Solar in the limelight

An outlook on why solar energy sector has upper hand in India
  The central government has set an ambitious target of generating 175 GW of electricity from renewable sources of energy by 2022, out of which 100 GW is to be generated from solar power alone, followed by 60 GW from wind energy. Currently, India’s total installed power generation capacity is a little over 300 GW. About 15 per cent of this electricity is derived from renewable sources of energy, which primarily include solar energy, wind energy, biomass and small hydel projects. Ideally, from the point of view of sustainability in the long run, this figure should be at least 50 per cent, said Hartek Singh, CMD, Hartek Power. “The government is aiming for it and much of this growth in the renewable energy domain will be powered by solar energy.”
The reason is not hard to find, believes Hartek Singh. He said, “Blessed with abundant sunshine and vast tracts of non-cultivable land to run solar projects in states receiving high irradiation like Gujarat, Rajasthan and Madhya Pradesh, India can virtually become a global solar superpower. Given the favourable policies, the renewed focus of the government on solar energy and the conducive business environment, we can become one much sooner than expected.”

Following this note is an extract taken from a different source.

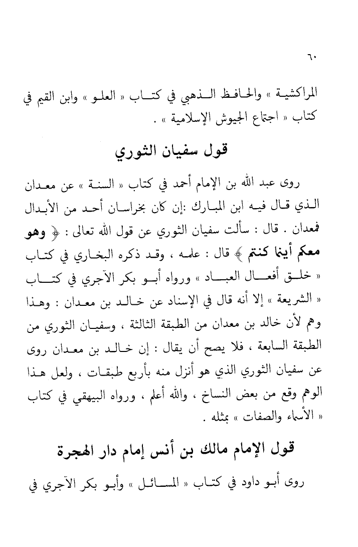 روى عبدالله ابن الإمام أحمد في كتاب "السنة" عن معدان الذي قال فيه ابن المبارك: إنْ كان بخراسان أحد من الأبدال فمعدان، قال: سألت سفيان الثوري عن قول الله - تعالى -: {وَهُوَ مَعَكُمْ أَيْنَ مَا كُنْتُمْ} [الحديد: 4]، قال: علمه، وقد ذكره البخاري في كتاب "خلق أفعال العباد"، ورواه أبو بكر الآجُرِّي في كتاب "الشريعة"، إلاَّ أنه قال في الإسناد عن خالد بن معدان: وهذا وَهْمٌ؛ لأنَّ خالدَ بن معدان من الطبقة الثالثة، وسفيان الثوري من الطبقة السابعة، فلا يصح أنْ يقالَ: إنَّ خالد بن معدان روى عن سفيان الثَّوري الذي هو أنزل منه بأربع طبقات، ولعلَّ هذا الوهم وقع من بعض النُّسَّاخ، والله أعلم، ورواه البيهقي في كتاب "الأسماء والصفات" بمثله.

Kunwer Sachdev, Founder and Managing Director, Su-Kam observes that the generation and usage of solar energy has grown exponentially in the past few years in India which is also reflected by the online behaviour of Indian consumers.
He said, “There are three reasons why solar energy sector in India is on the rise – increasing awareness on the benefits of solar power; solar technology is becoming better and cost-effective; and friendly policies and incentives.”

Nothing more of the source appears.